SOURCE RECORDS below:

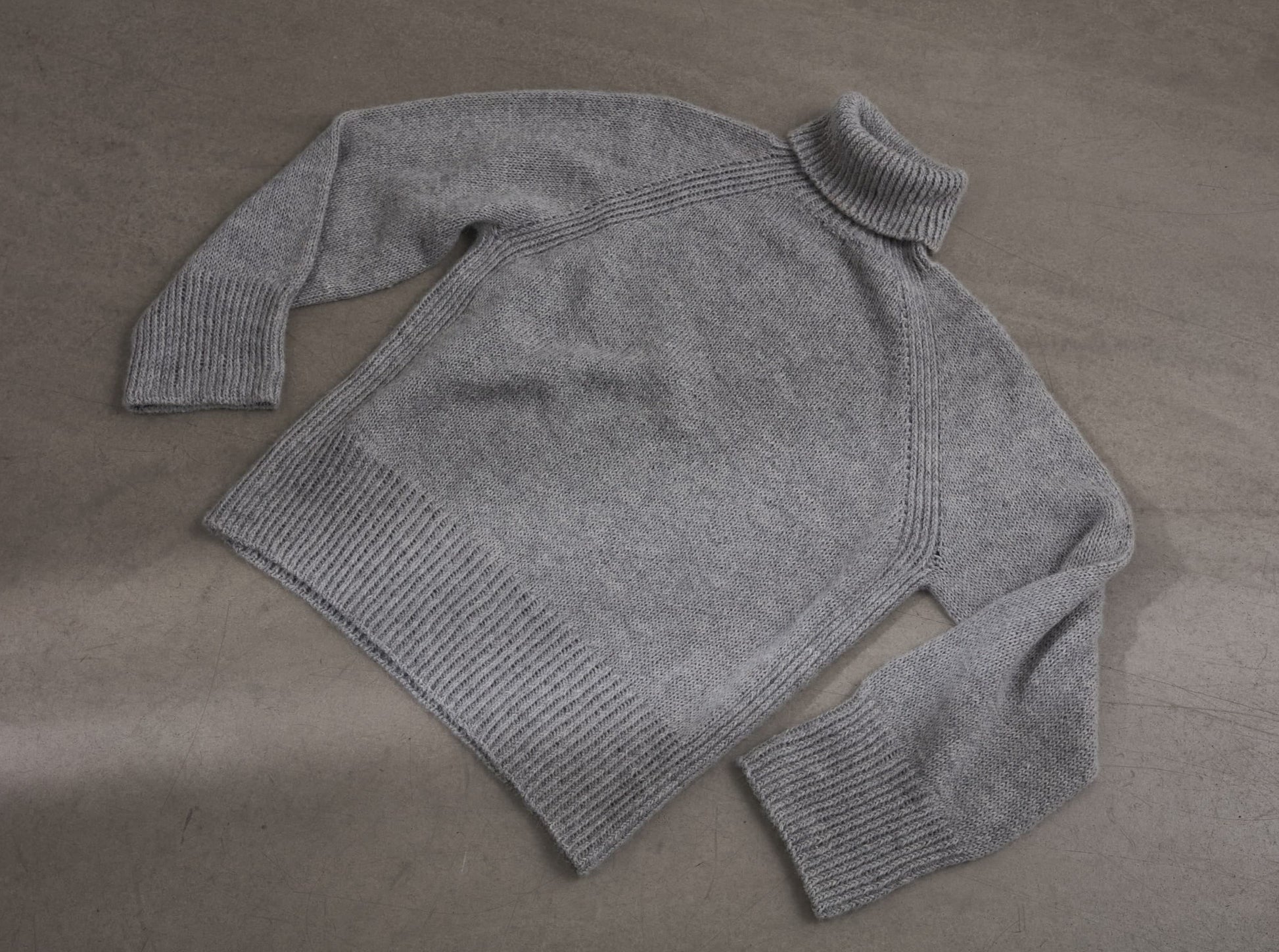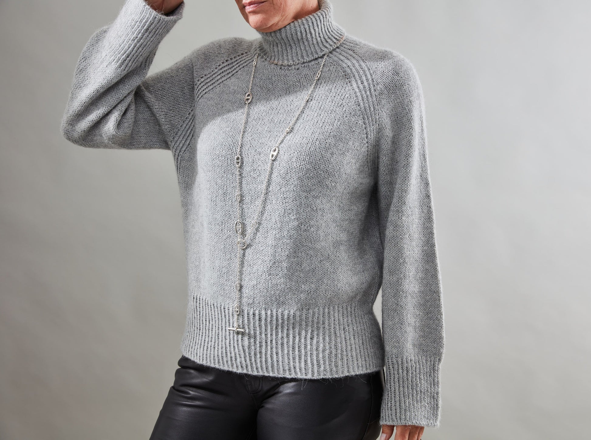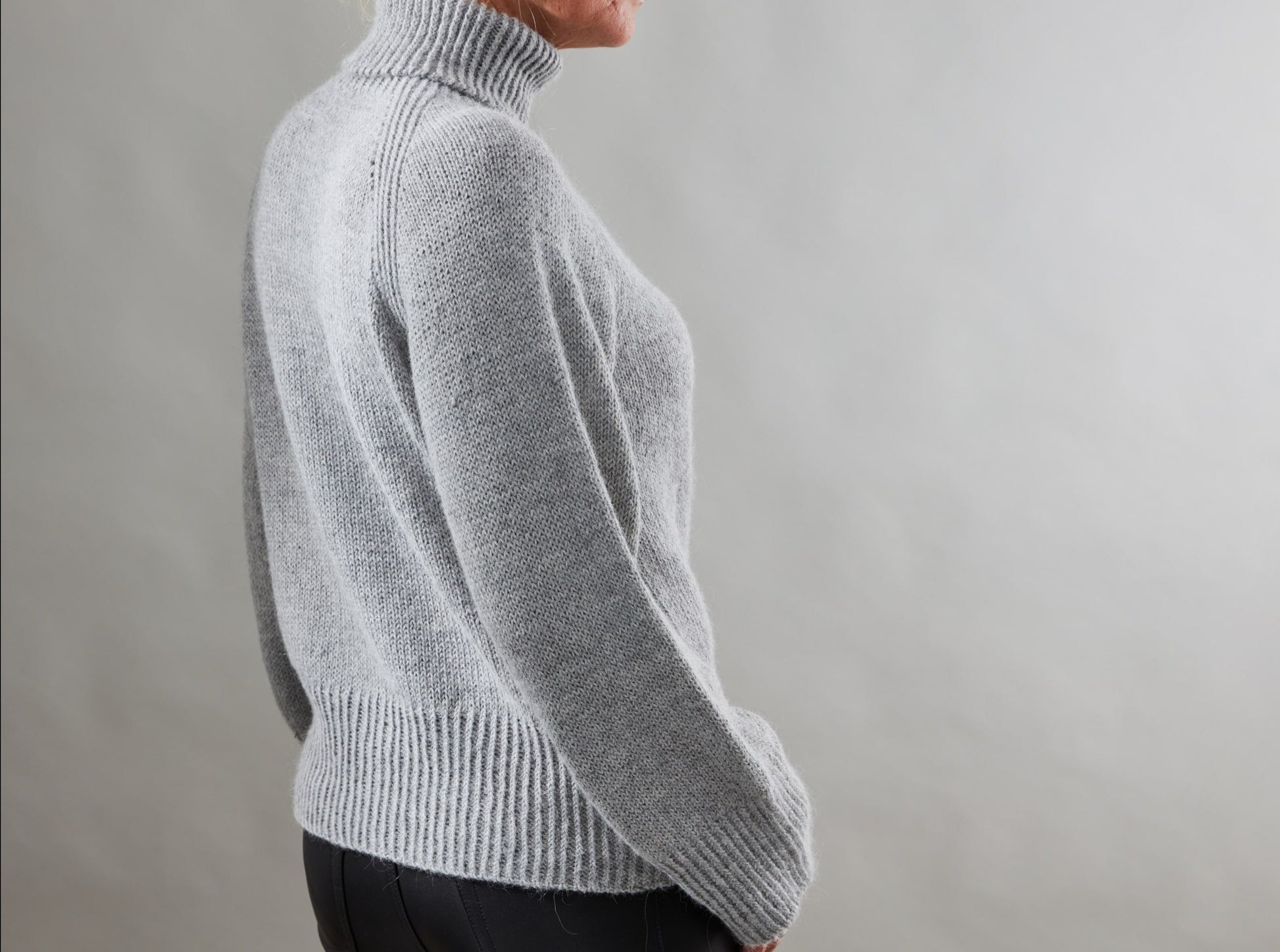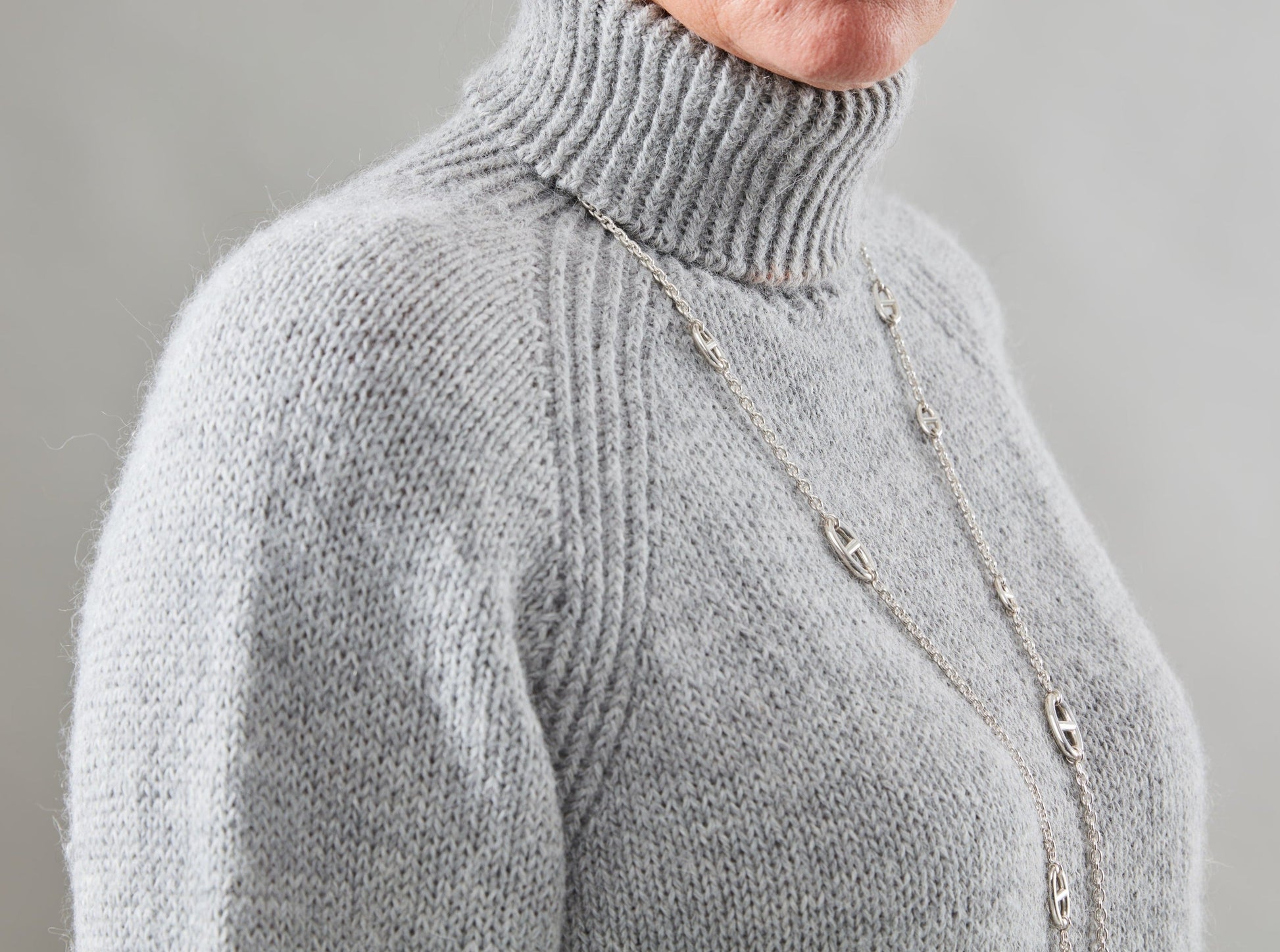 Polotröjan Ebba är helt monteringsfri och stickas uppifrån och ner i slätstickning samt vriden resår i krage, muddar, vid raglanökningar och längs sidorna. Garnet är mjukt alpackagarn från Miss Svensson och passar den som är känslig för garn som sticks. Efter polokragen stickas förkortade varv för att få bra passform. När oket är stickat med raglanökningar och vriden resår delas arbetet så att ärmarna sedan kan stickas för sig. Fram- och bakstycke förs ihop och stickas runt med rundsticka efter att maskor lagts upp under ärmhålet. Tröjan har en vid passform och bör ha en rörelsevidd på ca 20 cm mer än ditt bystmått.
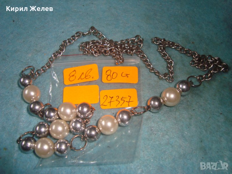 ПЕРЛЕНО АРТ ДЕКО СТИЛ КОЛИЕ със СРЕБРИСТА ВЕРИЖКА 27357
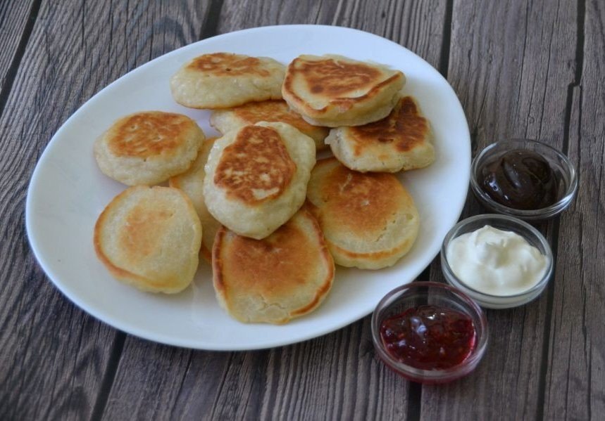 Ингредиенты: Вода — 125 мл Молоко — 125 мл Соль — 0,75 ч. л. Сахар — 2 ч. л. Пшеничная закваска — 50 г Мука — 200 г Масло растительное — 50 мл Приготовление: 1. Влейте в емкость для замешивания теста молоко и воду, добавьте соль, сахар, положите закваску. Хорошо размешайте, оставьте примерно на 1 час в тепле, чтобы закваска активировалась. 2. Всыпьте просеянную муку и замесите тесто. Накройте пищевой пленкой и оставьте на 5–6 часов. Лучше это делать с вечера и оставить на ночь. 3. Утром тесто выглядит пышным, с пузырьками, из такого уже можно выпекать оладьи. 4. Разогрейте сковороду, влейте растительное масло, жарьте оладьи с двух сторон до готовности. 5. Подавайте оладьи со сметаной, вареньем или джемом.
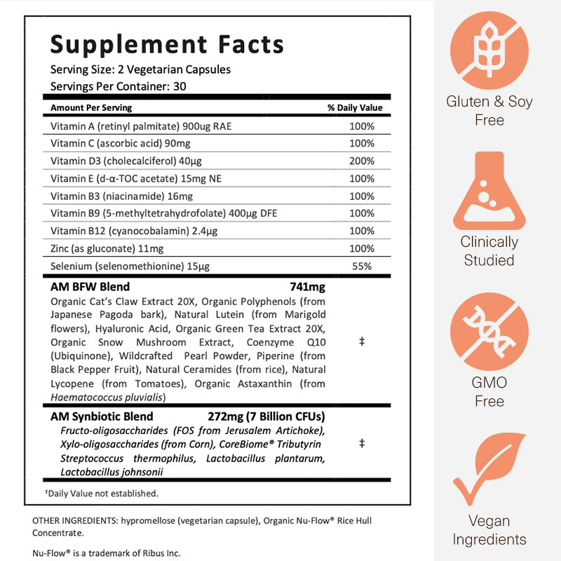 Our capsules include morning BFW, a bioavailable blend, and antioxidants such as astaxanthin, organic cat's claw, vitamin C and vitamin E to protect cell health, smooth the skin and enhance collagen production. Hyaluronic acid & ceramides support hydration and skin clarity, and organic pearl powder & organic snow mushroom strengthen hair, skin, and nails.
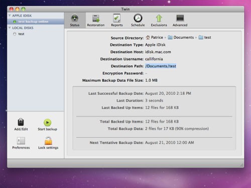 Twin được đánh giá là giải pháp sao lưu trực tuyến linh hoạt hàng đầu, được thiết kế đặc biệt cho hệ điều hành Mac OS X. Phần mềm này tương thích với đa dạng các máy chủ Internet phổ biến hiện nay, bao gồm FTP, FTPS, SFTP, WebDAV, Amazon S3 và MobileMe.
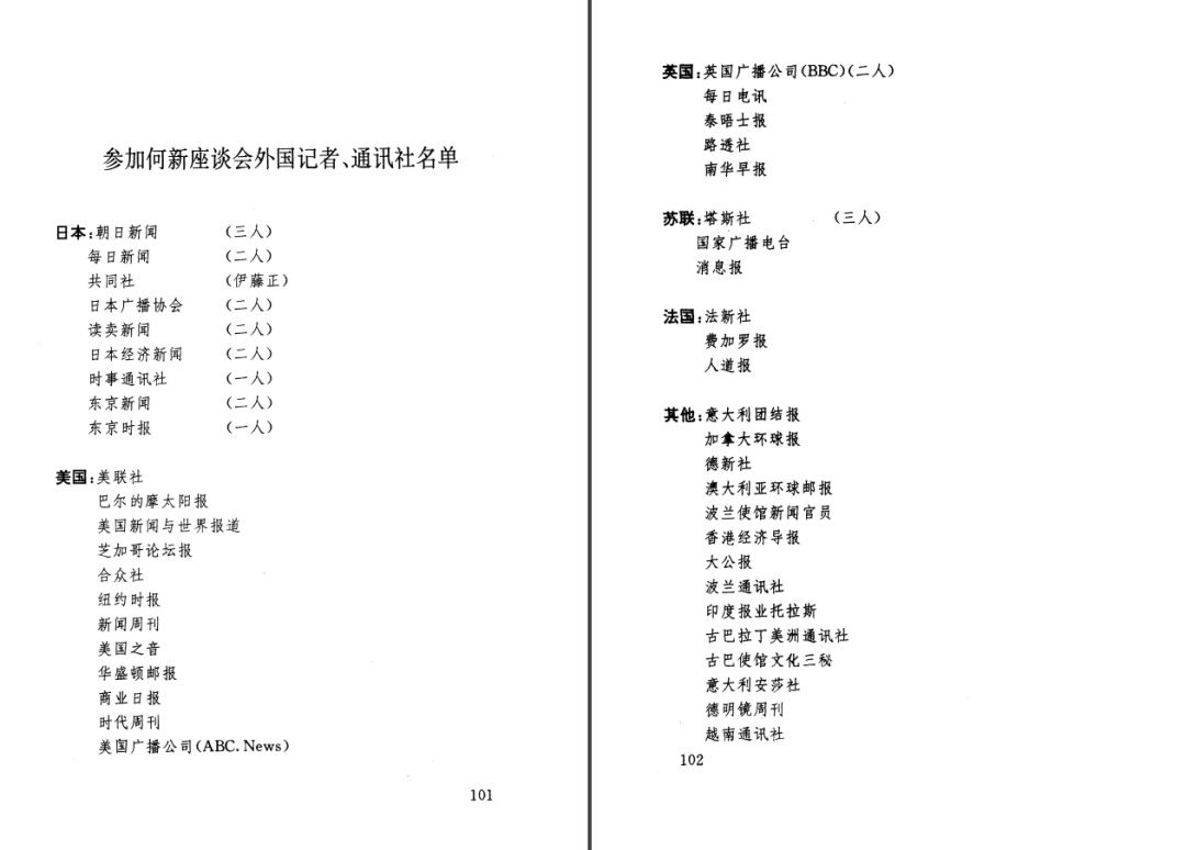 1991年7月10日,中国新闻工作者协会根据在京西方记者要求,主持召开驻京外国记者与何新的座谈会。54家东、西方通讯社和报刊的60多名驻京记者参加,一些外国使馆也派员听会。何新得以一白衣书生、“民科”身份面对众多西方大牌媒体,舌战群儒、纵论天下。此等场面也可谓是史无前例的。
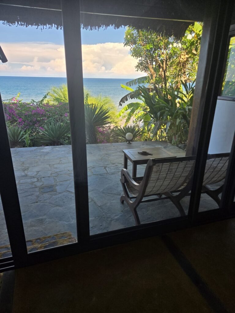 Lodge lumineux avec vue directe sur l’océan, offrant une atmosphère paisible et intimiste. Équipé d’une terrasse privée, d’un lit confortable, d’un coin thé/café, d’un mini bar et d’un espace bureau, idéal pour se détendre face à la mer.
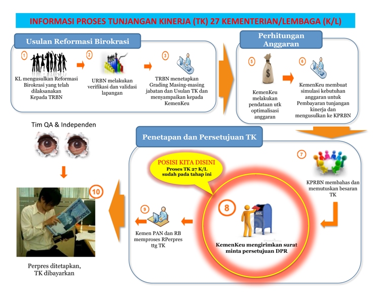 Setelah mendapat persetujuan Badan Anggaran DPR-RI, Kementerian PAN & RB memproses Rancangan Peraturan Presiden tentang Tunjangan Kinerja. Setelah Perpres ditetapkan, Tunjangan Kinerja dibayarkan.
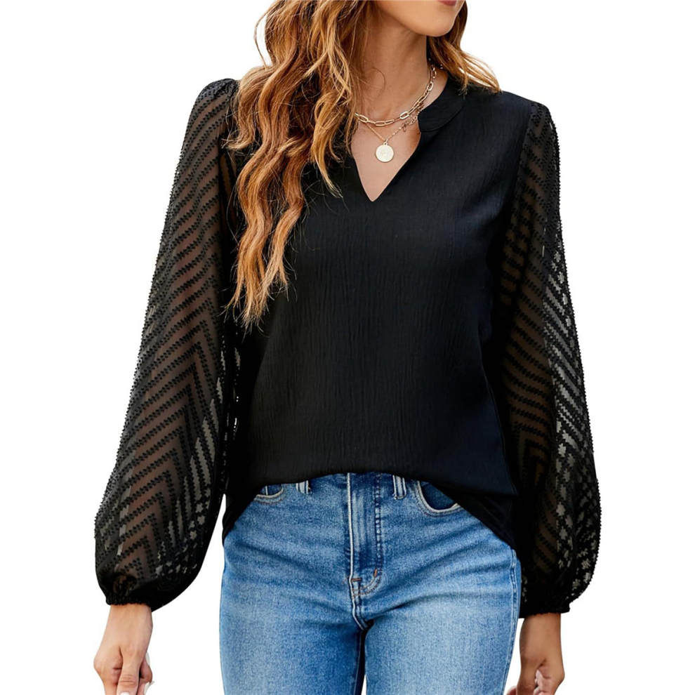 Womens Tops Dressy Casual Sheer Long Sleeve V Neck Shirts Loose Flowy Chiffon Business Work Blouses Black L
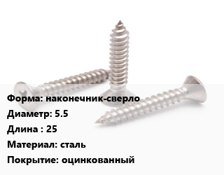 Саморез наконечник-сверло D=5.5 L=25 сталь оцинкованный
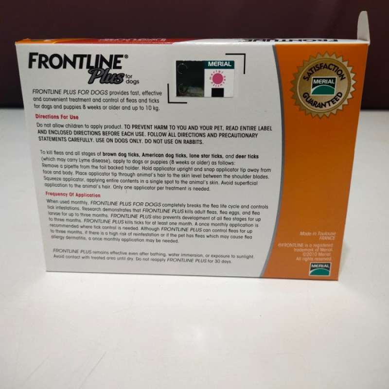 Frontline Plus for Dogs | Frontline It's easy to apply FRONTLINE PLUS to your dog 01 02 03 04 Step 4 Apply entire contents in one spot. See the product label for full instructions. Step 1 Hold the pipette upright with the label facing towards you. Tapping the neck of the pipette can help ensure the contents are in the main body of the pipette. Snap off the tip along the scored line.

End of SOURCE RECORDS.

TASK ITEM: Transcribe exactly the lines that run from the first line of the records above through the line with "ПЕРЛЕНО АРТ ДЕКО", and include both of those lines; pictures stay out.

ANSWER SECTION:
 Polotröjan Ebba är helt monteringsfri och stickas uppifrån och ner i slätstickning samt vriden resår i krage, muddar, vid raglanökningar och längs sidorna. Garnet är mjukt alpackagarn från Miss Svensson och passar den som är känslig för garn som sticks. Efter polokragen stickas förkortade varv för att få bra passform. När oket är stickat med raglanökningar och vriden resår delas arbetet så att ärmarna sedan kan stickas för sig. Fram- och bakstycke förs ihop och stickas runt med rundsticka efter att maskor lagts upp under ärmhålet. Tröjan har en vid passform och bör ha en rörelsevidd på ca 20 cm mer än ditt bystmått.
 ПЕРЛЕНО АРТ ДЕКО СТИЛ КОЛИЕ със СРЕБРИСТА ВЕРИЖКА 27357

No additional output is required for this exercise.